Lines before the one containing "크기 5.5 x 5.5" are not copied; that line and every one after it, through the end of the material below, are printed exactly, without pictures.

* [Given data]:
-------------------------
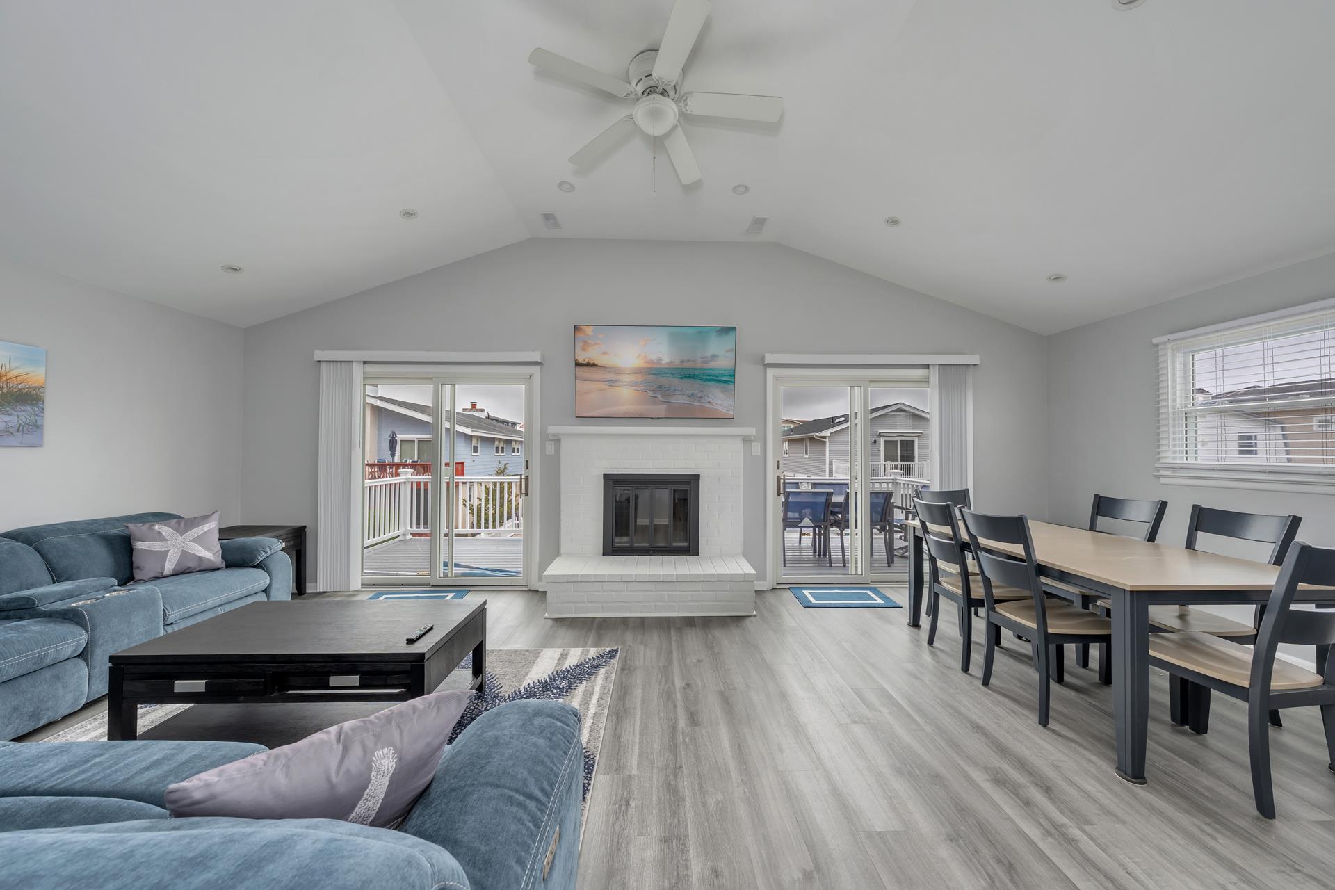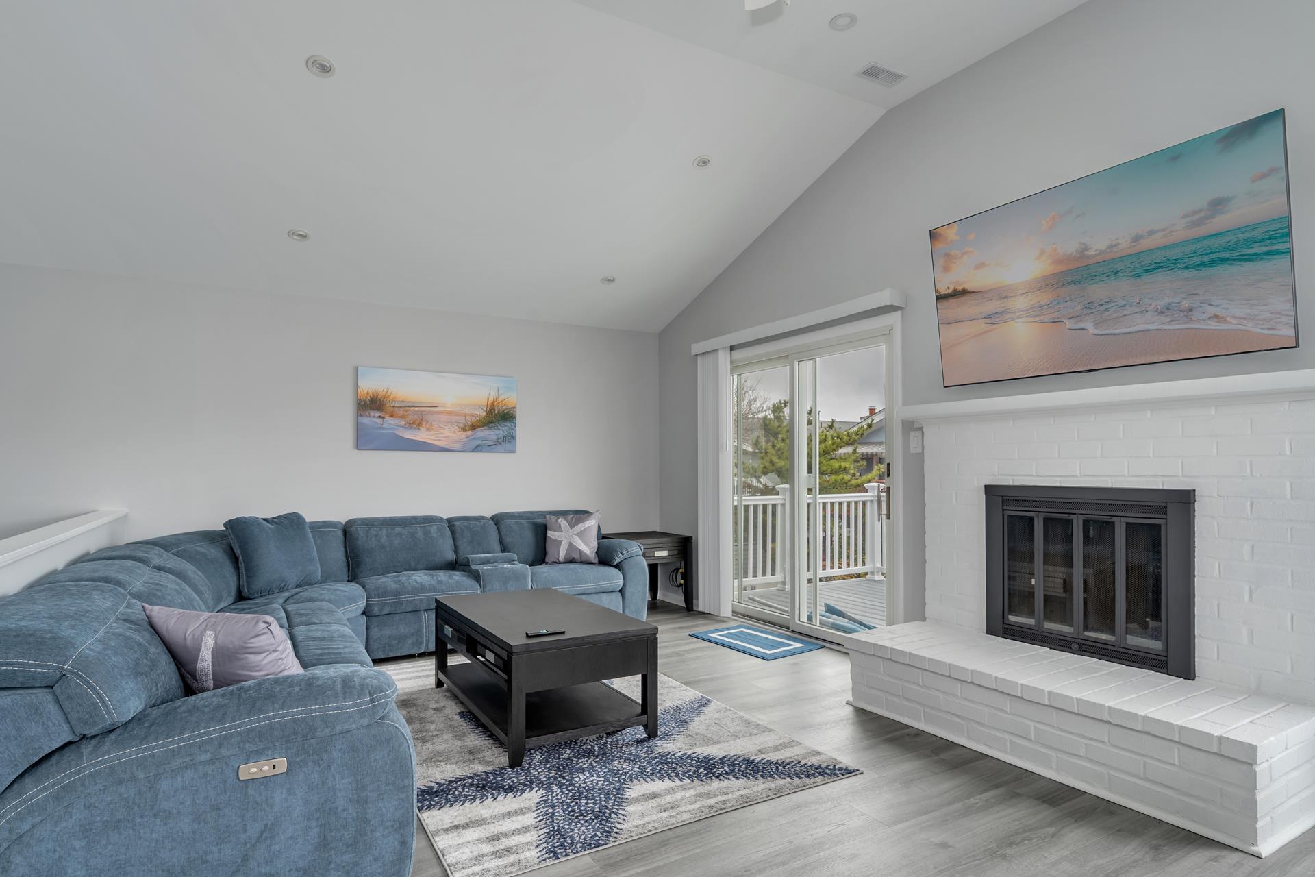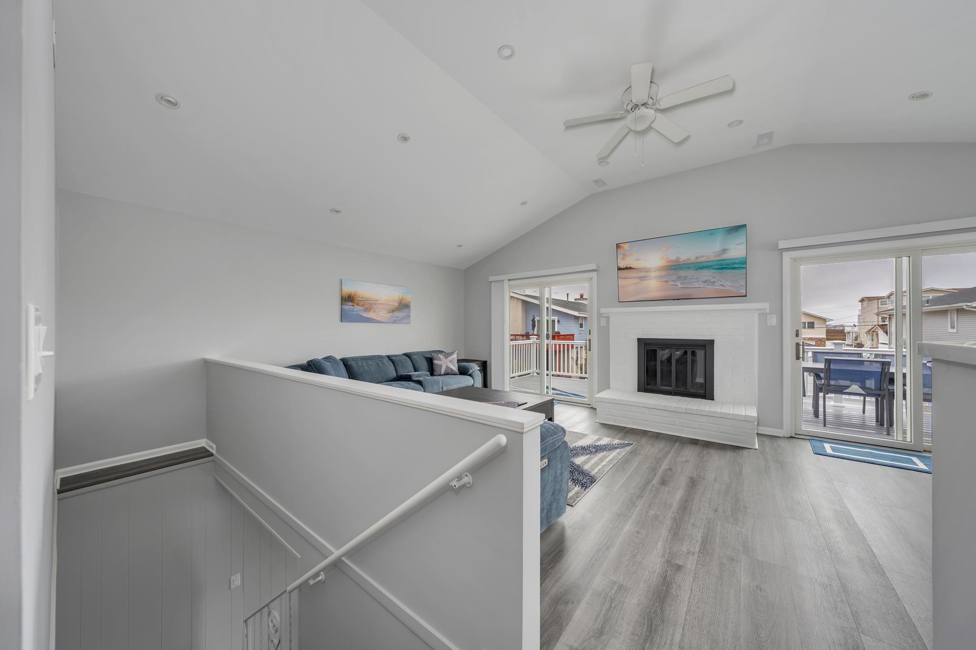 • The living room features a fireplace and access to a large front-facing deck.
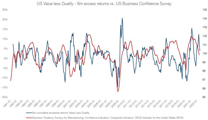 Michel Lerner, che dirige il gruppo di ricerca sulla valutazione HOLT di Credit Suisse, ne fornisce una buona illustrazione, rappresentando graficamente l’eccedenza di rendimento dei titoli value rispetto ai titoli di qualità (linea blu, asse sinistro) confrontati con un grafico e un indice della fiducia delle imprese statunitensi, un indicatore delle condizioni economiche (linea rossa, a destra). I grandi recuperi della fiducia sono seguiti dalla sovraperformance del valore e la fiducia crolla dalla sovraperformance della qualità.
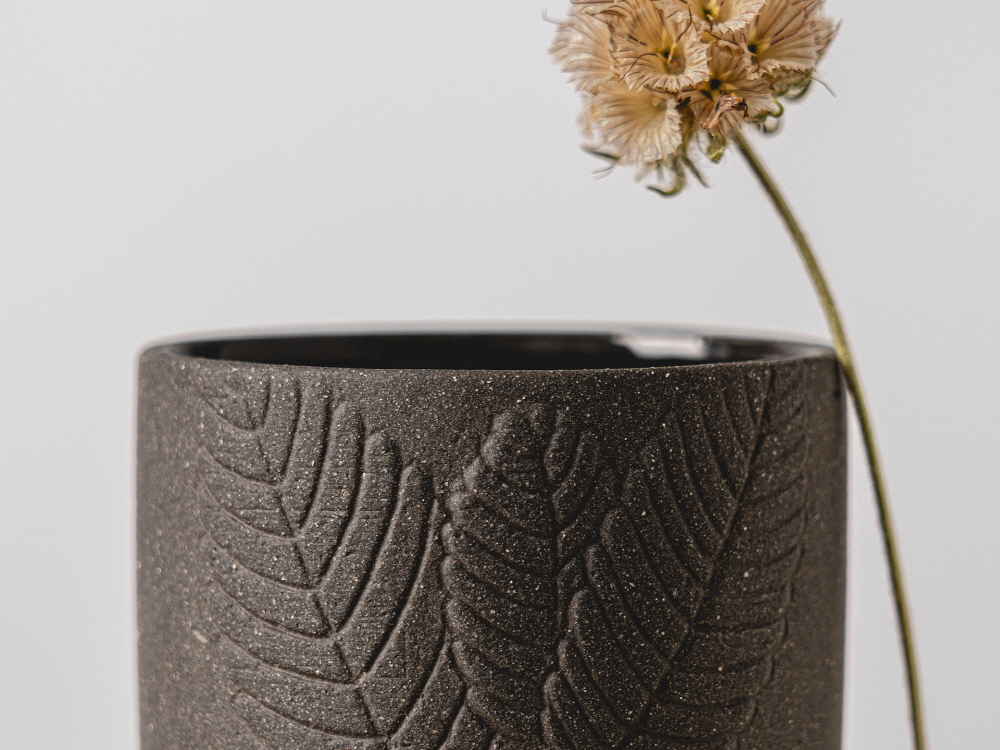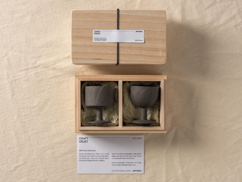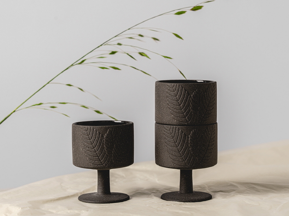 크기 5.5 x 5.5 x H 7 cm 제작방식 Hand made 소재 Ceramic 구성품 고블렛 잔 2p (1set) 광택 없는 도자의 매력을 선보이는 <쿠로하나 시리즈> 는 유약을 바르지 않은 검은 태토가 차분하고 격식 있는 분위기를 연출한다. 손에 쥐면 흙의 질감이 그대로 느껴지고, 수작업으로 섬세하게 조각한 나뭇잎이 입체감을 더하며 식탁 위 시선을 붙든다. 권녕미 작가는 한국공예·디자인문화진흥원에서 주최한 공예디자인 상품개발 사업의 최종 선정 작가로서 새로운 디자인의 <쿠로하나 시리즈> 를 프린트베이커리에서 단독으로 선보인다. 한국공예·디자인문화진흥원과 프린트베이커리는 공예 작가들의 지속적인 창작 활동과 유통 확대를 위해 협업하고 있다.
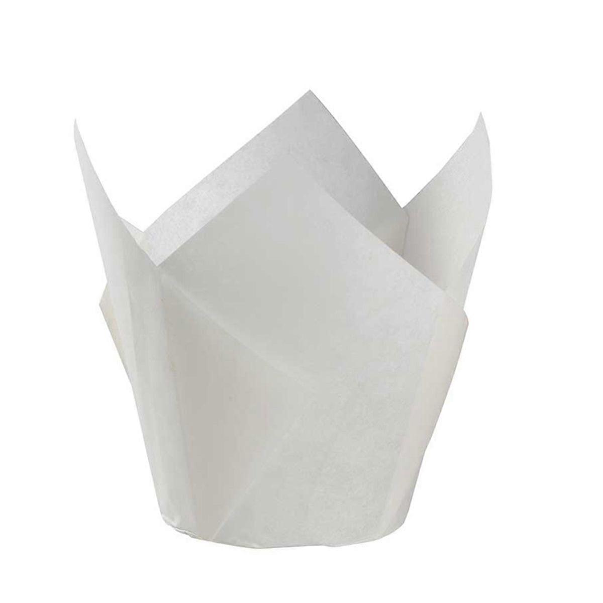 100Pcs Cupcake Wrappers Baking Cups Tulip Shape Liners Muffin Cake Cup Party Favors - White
-------------------------
* [Result of the exercise]:
 크기 5.5 x 5.5 x H 7 cm 제작방식 Hand made 소재 Ceramic 구성품 고블렛 잔 2p (1set) 광택 없는 도자의 매력을 선보이는 <쿠로하나 시리즈> 는 유약을 바르지 않은 검은 태토가 차분하고 격식 있는 분위기를 연출한다. 손에 쥐면 흙의 질감이 그대로 느껴지고, 수작업으로 섬세하게 조각한 나뭇잎이 입체감을 더하며 식탁 위 시선을 붙든다. 권녕미 작가는 한국공예·디자인문화진흥원에서 주최한 공예디자인 상품개발 사업의 최종 선정 작가로서 새로운 디자인의 <쿠로하나 시리즈> 를 프린트베이커리에서 단독으로 선보인다. 한국공예·디자인문화진흥원과 프린트베이커리는 공예 작가들의 지속적인 창작 활동과 유통 확대를 위해 협업하고 있다.
 100Pcs Cupcake Wrappers Baking Cups Tulip Shape Liners Muffin Cake Cup Party Favors - White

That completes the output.